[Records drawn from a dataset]
= = =

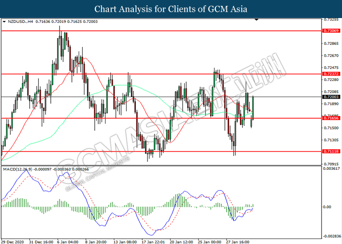 NZDUSD, H4: NZDUSD was traded higher following prior rebound from the support level at 0.7165. MACD which illustrated increasing bullish momentum suggest the pair to extend its gains toward resistance level at 0.7235.
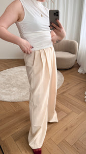 Highwaisted broek met rechte pijpen. In de trendy vanille-gele kleur met klein pinstripe patroon.
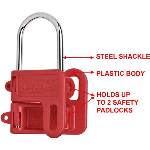 Le moraillon en acier Master Lock nº S430 présente une mâchoire interne d'un diamètre de 57 mm x 76 mm x 25 mm pouvant accueillir jusqu'à deux cadenas.
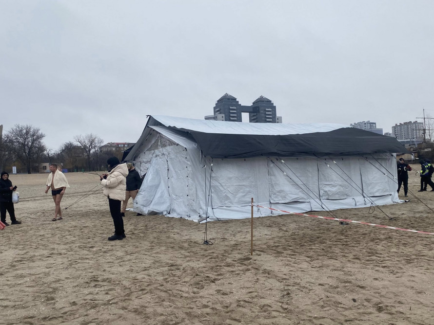 Температура води у річці Дніпро становить близько 3 градусів тепла. Щоб люди могли зігрітися після купання та безпечно переодягнутися, просто біля води рятувальники розгорнули спеціальні намети.
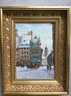 Oliemaleri af Svend Nielsen i guldramme, forestillende en vinterscene med ...
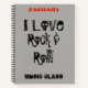 I Love Rock, Music Class with cool red and black text on a grey background with skulls in place of the letters o. Personalise with your own details with your Name, School Class Subject Name, etc. Fun for school, music class or just drawing or note-jotting. Designed by TamiraZDesigns.
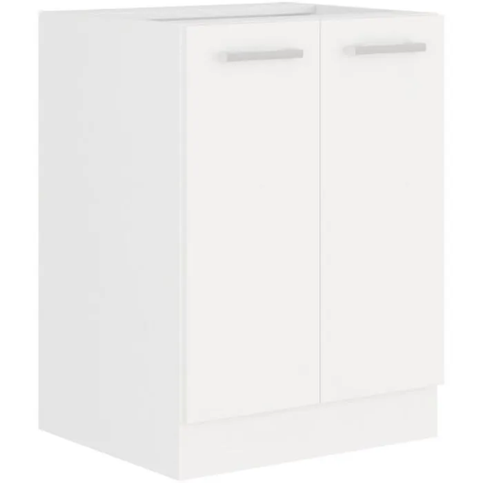 Spodnja omara STELLA 60D je sestavljena iz fronte iz MDF plošče, debeline 16 mm, robovi so iz ABS 1,7 mm. Korpus je narejen iz laminirane plošče, debeline 16 mm, robovi so iz melamina. Na voljo je v beli barvi korpusa in front ter sivi barvi ročajev. Kuhinjski elementi imajo sistem mehkega zapiranja.
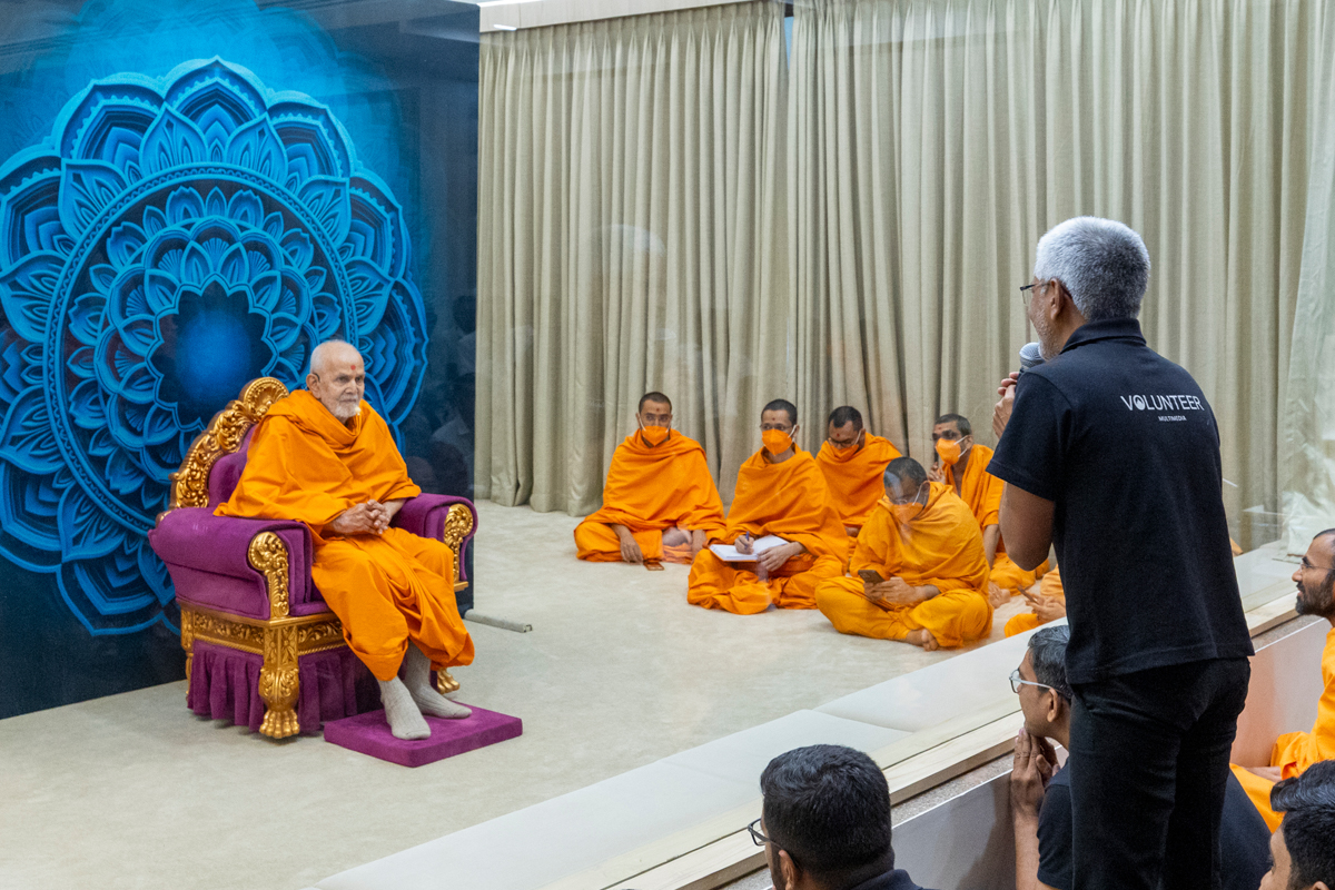 A volunteer presents before Swamishri

= = =

Copy the data word for word. Pictures do not go in the copy.

 NZDUSD, H4: NZDUSD was traded higher following prior rebound from the support level at 0.7165. MACD which illustrated increasing bullish momentum suggest the pair to extend its gains toward resistance level at 0.7235.
 Highwaisted broek met rechte pijpen. In de trendy vanille-gele kleur met klein pinstripe patroon.
 Le moraillon en acier Master Lock nº S430 présente une mâchoire interne d'un diamètre de 57 mm x 76 mm x 25 mm pouvant accueillir jusqu'à deux cadenas.
 Температура води у річці Дніпро становить близько 3 градусів тепла. Щоб люди могли зігрітися після купання та безпечно переодягнутися, просто біля води рятувальники розгорнули спеціальні намети.
 Oliemaleri af Svend Nielsen i guldramme, forestillende en vinterscene med ...
 I Love Rock, Music Class with cool red and black text on a grey background with skulls in place of the letters o. Personalise with your own details with your Name, School Class Subject Name, etc. Fun for school, music class or just drawing or note-jotting. Designed by TamiraZDesigns.
 Spodnja omara STELLA 60D je sestavljena iz fronte iz MDF plošče, debeline 16 mm, robovi so iz ABS 1,7 mm. Korpus je narejen iz laminirane plošče, debeline 16 mm, robovi so iz melamina. Na voljo je v beli barvi korpusa in front ter sivi barvi ročajev. Kuhinjski elementi imajo sistem mehkega zapiranja.
 A volunteer presents before Swamishri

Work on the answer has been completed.